Leaked list shows Facebook training their AI on multiple Lemmy instances

Rimu@piefed.social · 15 days ago

Check out the robots.txt on any Lemmy instance…

usernamesAreTricky@lemmy.ml · 15 days ago

Linked article in the body suggests that likely wouldn’t have made a difference anyway

The scrapers ignored common web protocols that site owners use to block automated scraping, including “robots.txt” which is a text file placed on websites aimed at preventing the indexing of context

mesa@piefed.social · edit-2 15 days ago

Yeah ive seen the argument in blog posts that since they are not search engines they dont need to respect robots.txt. Its really stupid.

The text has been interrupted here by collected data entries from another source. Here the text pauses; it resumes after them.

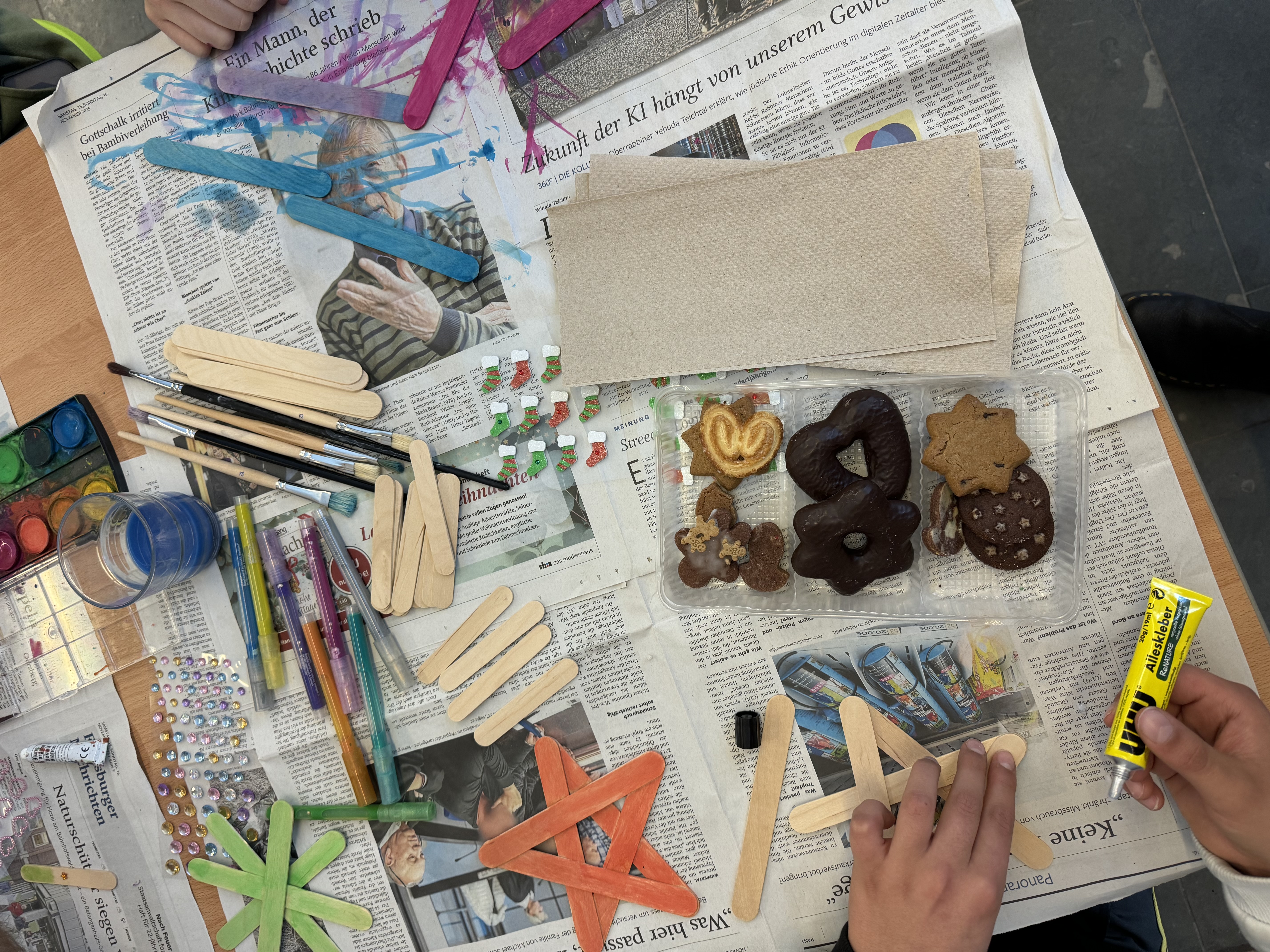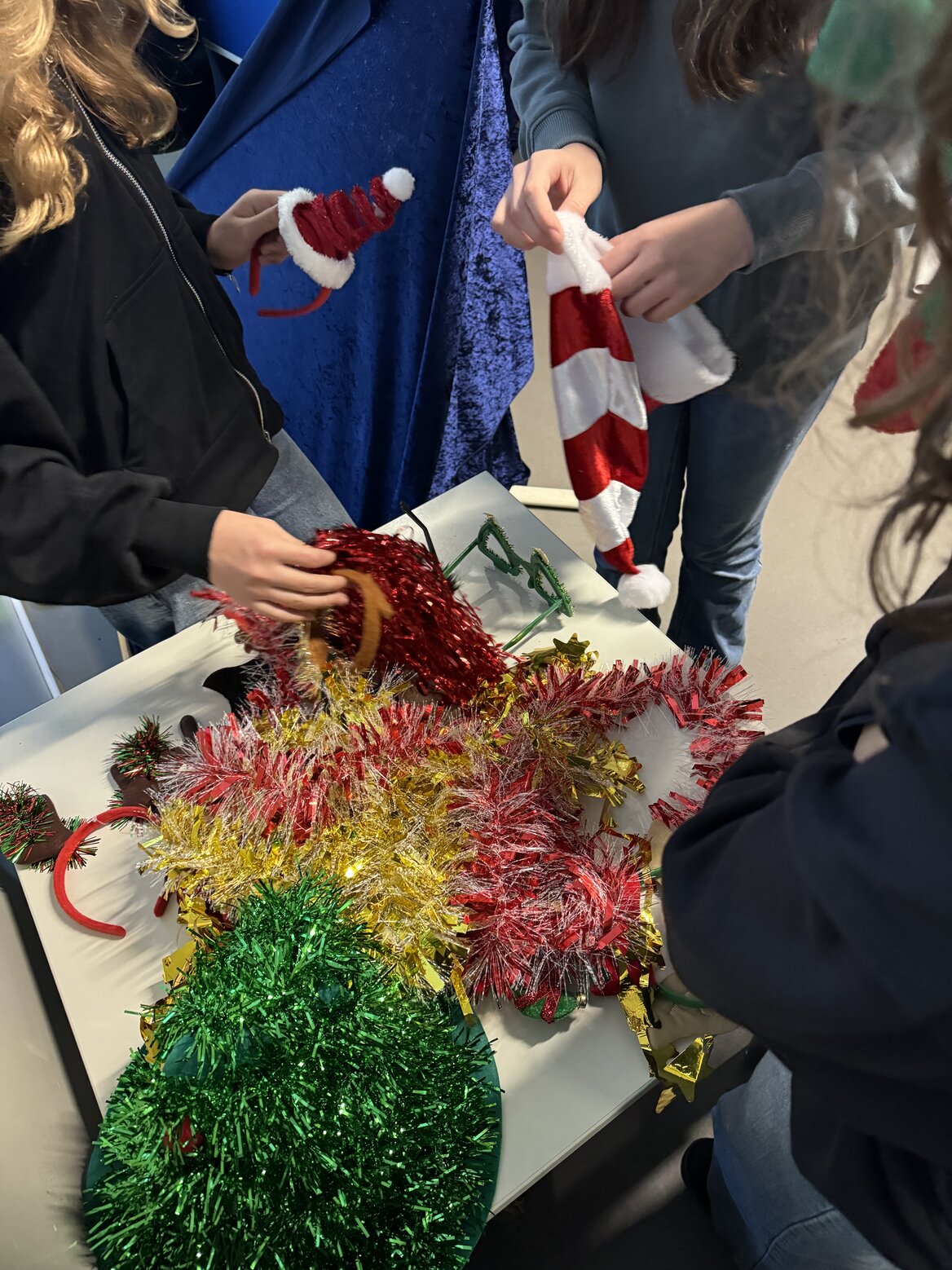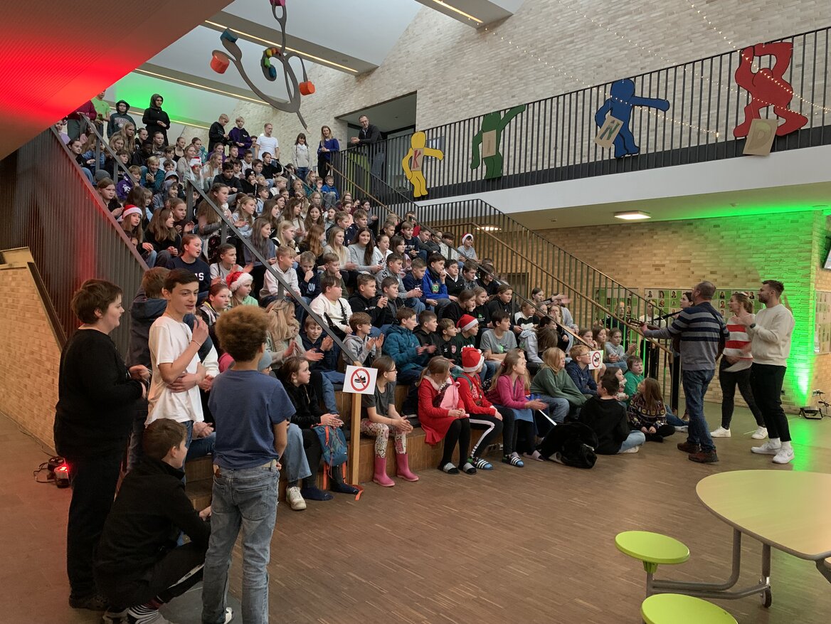 In diesem Jahr fand unser Weihnachtsbasteln für die Jahrgänge 5 bis 7 in ganz neuer Form statt. Statt eines festen Programms konnten die Schülerinnen und Schüler frei aus verschiedenen kreativen Aktionen wählen: Neben abwechslungsreichen Bastelangeboten lockten eine fröhliche Fotoaktion und stimmungsvolles Karaokesingen. Auch sportlich ging es zu – mehrere weihnachtliche Bewegungsangebote sorgten für viel Spaß und Energie. Wer es gemütlicher mochte, war im liebevoll eingerichteten Weihnachtscafé genau richtig und konnte dort bei leckeren Keksen eine Pause einlegen.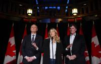 Minister of Foreign Affairs Melanie Joly is flanked by Minister of Public Safety David McGuinty, left, and Minister of Finance and Intergovernmental Affairs Dominic LeBlanc as they speak to reporters prior to a meeting during a cabinet retreat at Chateau Montebello in Montebello, Que., on Monday, Jan. 20, 2025. THE CANADIAN PRESS/Sean Kilpatrick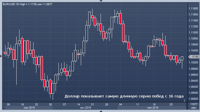 Доллар готовится продемонстрировать девятую подряд сессию роста. Это самая продолжительная прибыльная серия с января 2016 года. Инвесторы ждут новостей о прогрессе на переговорах между США и Китаем после недавнего усиления напряженности в связи законом США в поддержку протестующих Гонконга. Иена упала в пятницу, увеличив потери за месяц, которые делают ее одной из худших валют в ноябре в Группе 10 ведущих мировых валют.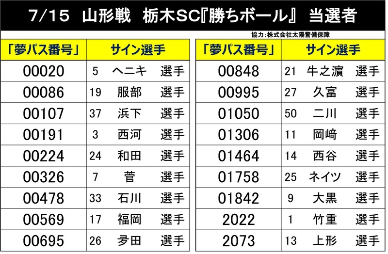 【夢パスホルダー対象】モンテディオ山形戦『勝ちボール』当選者のお知らせ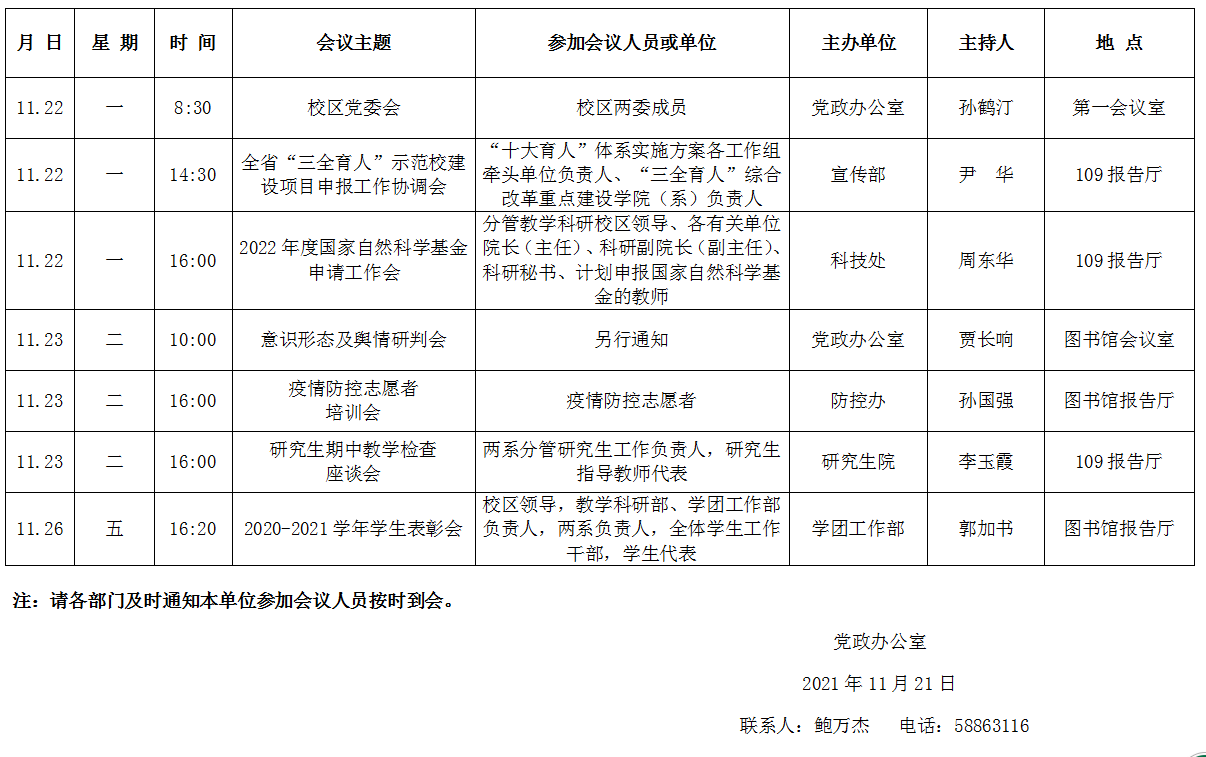 濟(jì)南校區(qū)第十三周會(huì)議安排

AmbitiousProcess (they/them)@piefed.social · 15 days ago

“No no guys you don’t understand, robots.txt actually means just search engines, it totally doesn’t imply all automated systems!!!”

belated_frog_pants@beehaw.org · 15 days ago

Scrapers ignore it

Rimu@piefed.social · 15 days ago

Thieves can smash a window to get into my house but I still lock my doors.

belated_frog_pants@beehaw.org · 14 days ago

This is more like being there when they come to steal and you ask them to ignore some rooms please.

Pamasich@kbin.earth · 15 days ago

If they have a brain, and they do have the experience from Threads, they don’t need to scrape Lemmy. They can just set up a shell instance, subscribe to Lemmy communities, and then use federation to get their data for free. That doesn’t use robots.txt at all regardless.